Abstract
Objective: This study reviewed the development of the inner ear test battery comprising auditory brainstem response (ABR), and caloric, ocular vestibular-evoked myogenic potential (oVEMP), and cervical vestibular-evoked myogenic potential (cVEMP) tests in guinea pig models at our laboratory over the last 20 years. Detailed description of the methodology for testing the small animals is also included.
Methods: Inner ear disorders, i.e. ototoxicity, noise exposure, or perilymph fistula were established in guinea pig models first. One to four weeks after operation, each animal underwent ABR, oVEMP, cVEMP, and caloric tests. Then, animals were sacrificed for morphological study in the temporal bones.
Results: Inner ear endorgans can be comprehensively evaluated in guinea pig models via an inner ear test battery, which provides thorough information on the cochlea, saccule, utricle, and semicircular canal function of guinea pigs. Coupled with morphological study in the temporal bones of the animals may help elucidate the mechanism of inner ear disorders in humans.
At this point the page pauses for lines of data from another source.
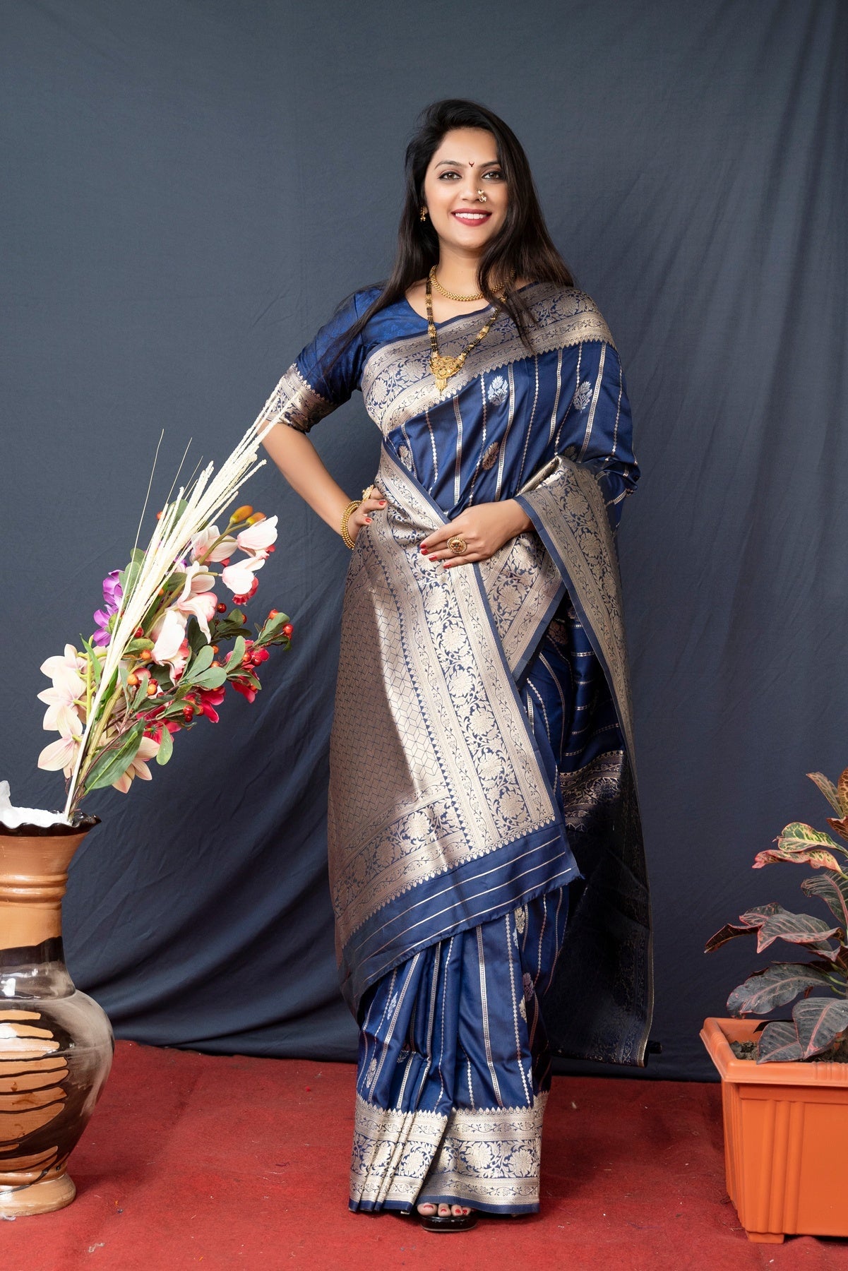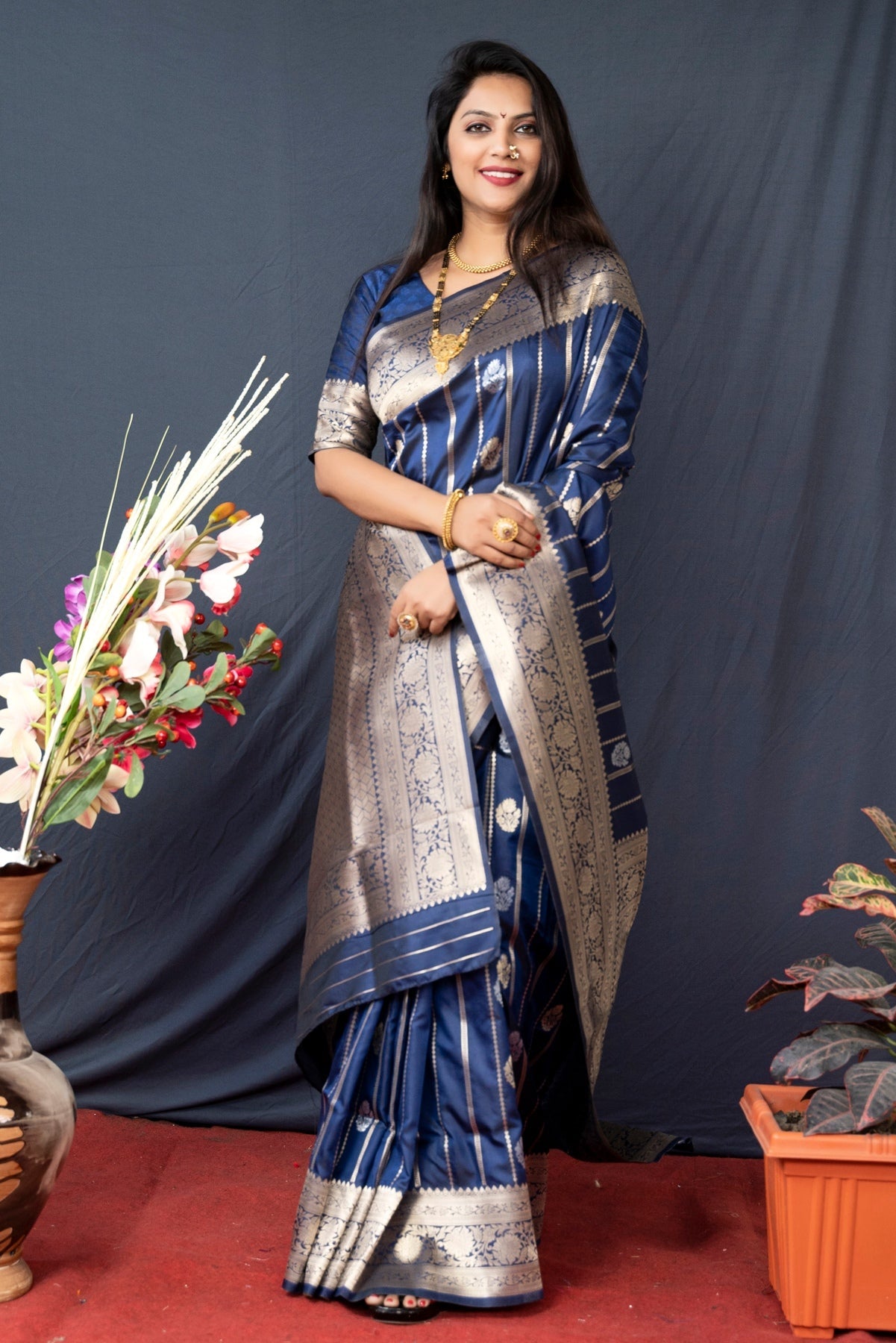 Gleaming Navy Blue Banarasi Silk Saree With Pretty Blouse Piece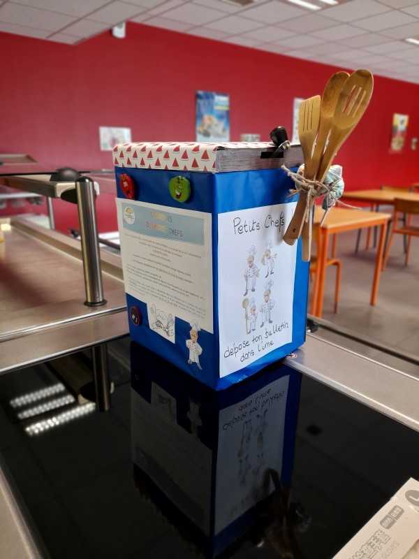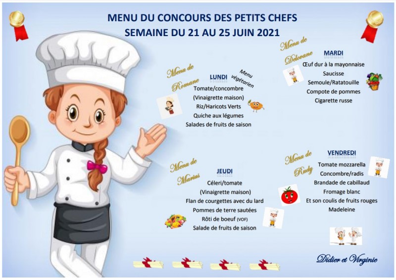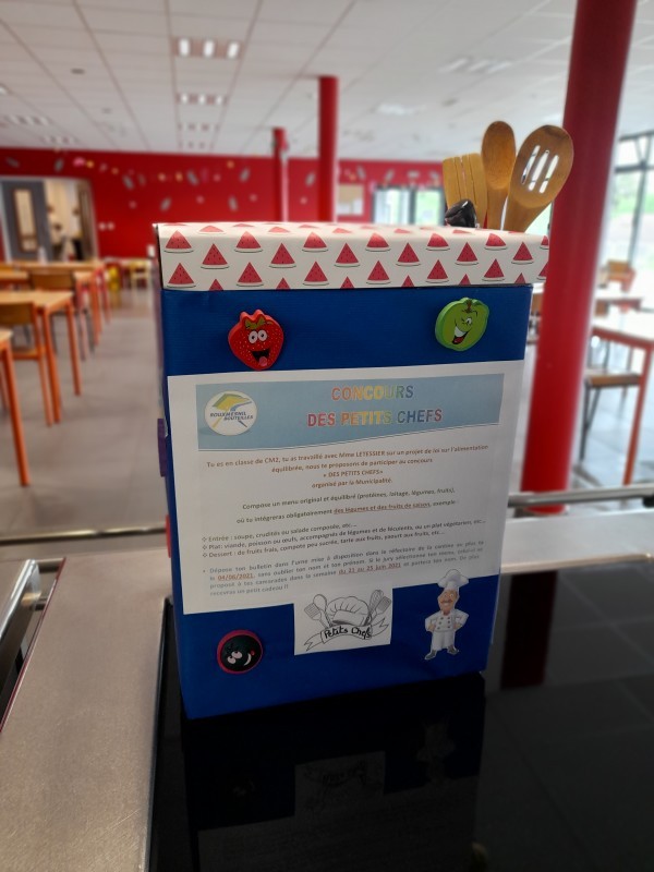 Pour concrétiser cette démarche et qu’elle n’ait pas été réalisée en vain, les membres de la commission scolaire, à l’initiative de Marie-Laure Delahaye, ont souhaité intéresser les enfants en les incitant à être acteurs de la composition de leurs menus. À cet effet, nous avons mis en place le « Concours des petits chefs/cheffes. Sans une collaboration fructueuse entre Mme Leteissier, les membres de la commission représentés par Mme Artur adjointe et des cuisiniers (Didier et Virginie), rien n’aurait été possible.
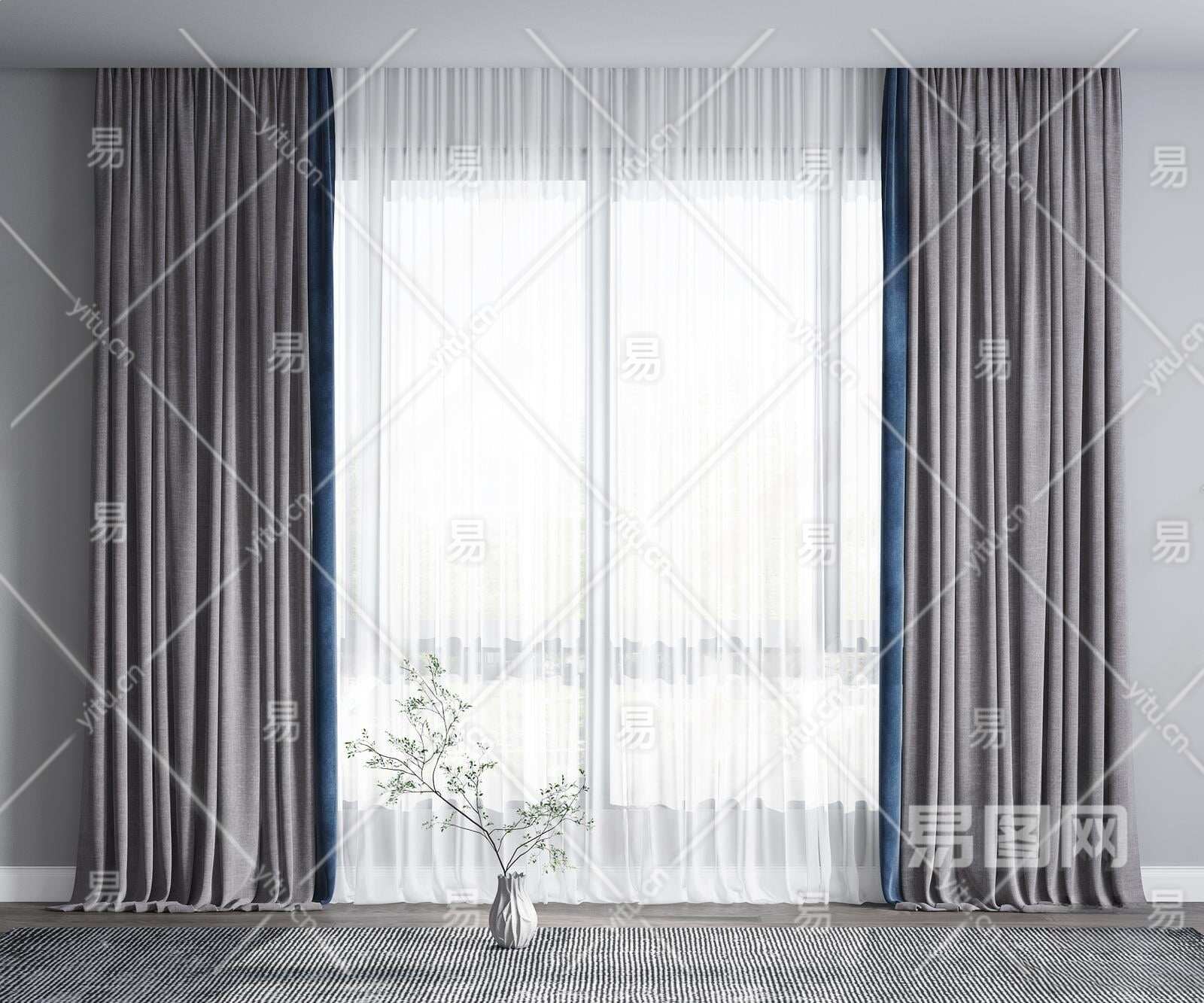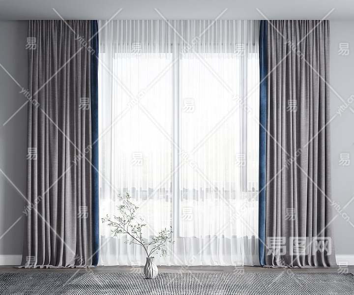 现代布艺窗帘3D模型下载

Conclusions: The inner ear test battery in guinea pig models may encourage young researchers to perform basic study in animals and stimulate the progress of experimental otology which is in evolution.
Chinese abstract
目的:本研究回顾了内耳测试电池的发展, 包括过去20年中在我们的实验室对豚鼠进行的听觉脑干反应(ABR)、热量、眼前庭诱发肌源电位(oVEMP)和颈前庭诱发肌源电位(cVEMP)测试。本文还包括小动物测试方法的详细描述。
方法:首先在豚鼠模型中设立内耳障碍, 即耳毒性、噪声环境或外淋巴瘘(PLF)。术后1至4周, 对每只动物进行ABR、oVEMP、cVEMP和热量测试。然后, 将动物用作颞骨形态学研究。
结果:豚鼠耳蜗内耳可以通过内耳测试电池在豚鼠模型内进行综合评估, 提供豚鼠耳蜗、球囊、囊泡和半规管功能的全面信息, 和动物颞骨的形态学研究一起, 可能有助于阐明人类内耳疾病的机制。
结论:豚鼠模型的内耳测试电池可能鼓励年轻研究人员从事动物基础研究, 促进正在发展中的实验耳科的进程。
Disclosure statement
No potential conflict of interest was reported by the author.